Pursuant to subsection 3d(a) the trial court is under a plain duty to impose conditions of probation which are reasonable. Reasonable conditions are those which bear some “reasonable relationship to the treatment of the accused [i.e., the prior charges against him or his rehabilitation] and the protection of the public.” Tamez v. State, 534 S.W.2d 686, 691 (Tex.Crim.App.1976). The conditions that relator resign all elective offices currently held and that he not run for any elective office during the next year are, as a matter of law, unreasonable restrictions in this instance. Neither condition is one which would tend to protect the public nor one which is reasonably related to the treatment of the accused. Since neither probationary condition is reasonable, the trial court violated the mandate of article 42.12, section 3d(a), and thus violated her plain legal duty to impose reasonable conditions.

Further, since this is a deferred adjudication there has been no finding of guilt. The trial court is depriving relator of his office, and the electorate of the City of Shavano Park of their representative, without a finding of culpability on the charges involving official misconduct. The *37Local Government Code provides a specific procedure for removal of a mayor from his office in a General-Law Municipality, such as the City of Shavano Park. TEX.LOC. GOVT.CODE ANN. § 21.002 (Vernon Supp.1988).
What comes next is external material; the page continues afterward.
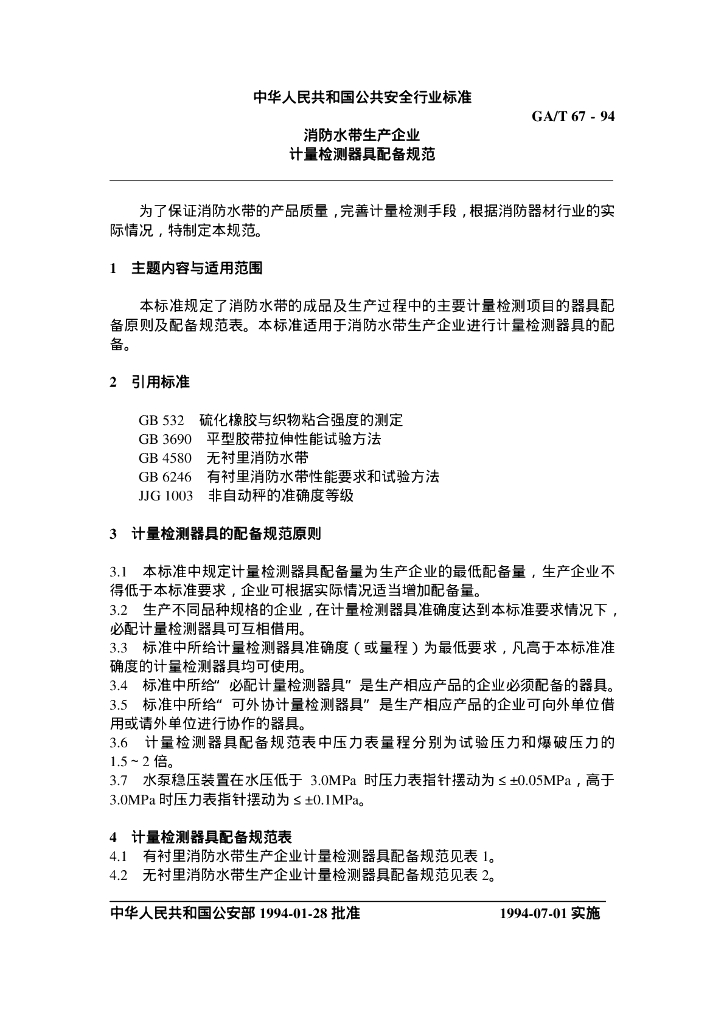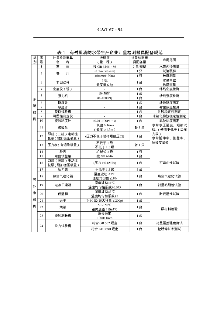 GA/T 67-1994 消防水带生产企业计量检测器具配备规范

The causes for removal are enumerated as is the procedure. Pursuant to the Local Government Code, a court made up of a majority of the aldermen will determine whether the mayor is guilty of the charges and will declare the office vacant if they find him guilty. TEX.LOC. GOVT.CODE ANN. § 21.002(f)-(h) (Vernon Supp.1988). The trial court, in commanding relator to vacate his office, has acted beyond her authority and has violated the terms of section 21.002. The two conditions are thus unreasonable.
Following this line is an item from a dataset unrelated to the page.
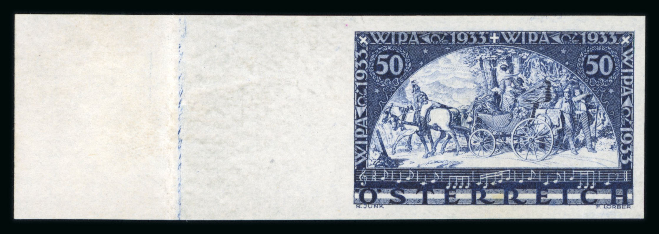 1933, WIPA Marke auf gewöhnlichem Papier (sog. WIPA glatt) UNGEZÄHNT vom linken Bogenrrand (Jumbo margin), ungummiert, in sehr dunkler violettblauer Nuance, sehr seltene Marke in Prachterhaltung, signiert Dr.Wallner, Attest Soecknick, ANK
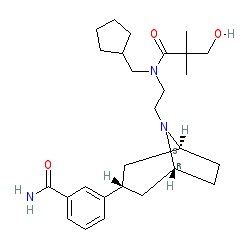 | SMILES | CC(C)(CO)C(=O)N(CCN1[C@H]2CC[C@@H]1C[C@H](c1cccc(C(N)=O)c1)C2)CC1CCCC1 |

We find that the trial court was under a plain legal duty to impose only reasonable conditions. This aspect of her duty is not discretionary. Relator meets the second prong of the test for issuance of a writ of mandamus in a criminal law matter.
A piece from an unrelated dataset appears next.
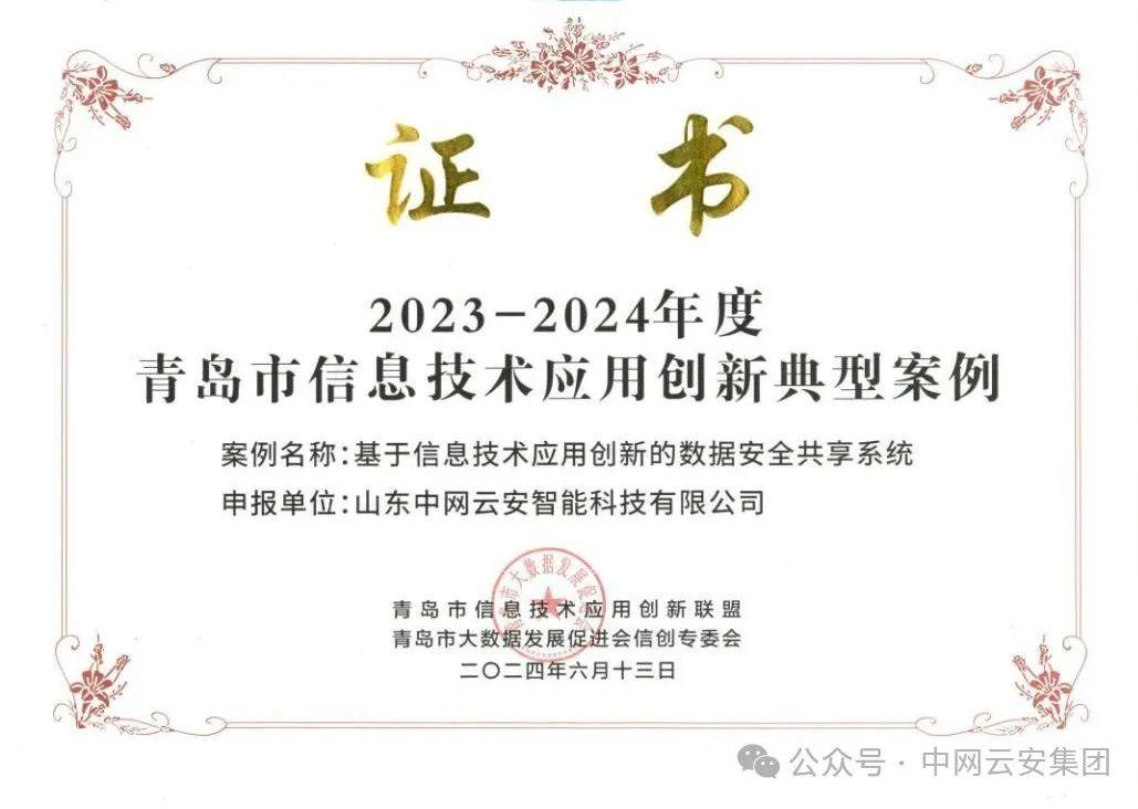 为贯彻国家大数据战略和创新驱动发展战略,落实山东省大数据产业生态建设“焕新工程”工作要求,推动国产化自主创新产品应用推广,促进信息技术应用创新实践典型经验交流,信创联盟组织开展了2023-2024年度青岛市信息技术应用创新典型案例征集工作。经申报推荐、材料复审,共有7个信创典型案例入围,并在会上进行了证书颁发仪式。中网云安《基于信息技术应用创新的数据安全共享系统》荣获2023-2024年青岛市信息技术应用创新典型案例。

The conditions requiring relator to resign from and refrain from seeking elective office are invalid. We are confident that Judge Reed will rescind these conditions of probation. The writ of mandamus will issue only in the event that she fails to do so. The temporary injunction, entered by this Court on June 24, 1988, enjoining Judge Reed from revoking the probation of relator, is dissolved.

The petition for writ of mandamus is conditionally granted.

CANTU, J., concurs with opinion. ESQUIVEL, J., dissents and concurs with opinion. DIAL, J., dissents with opinion.

. All statutory references are to TEX.CODE CRIM.PROC.ANN. (Vernon Supp.1988), unless indicated otherwise.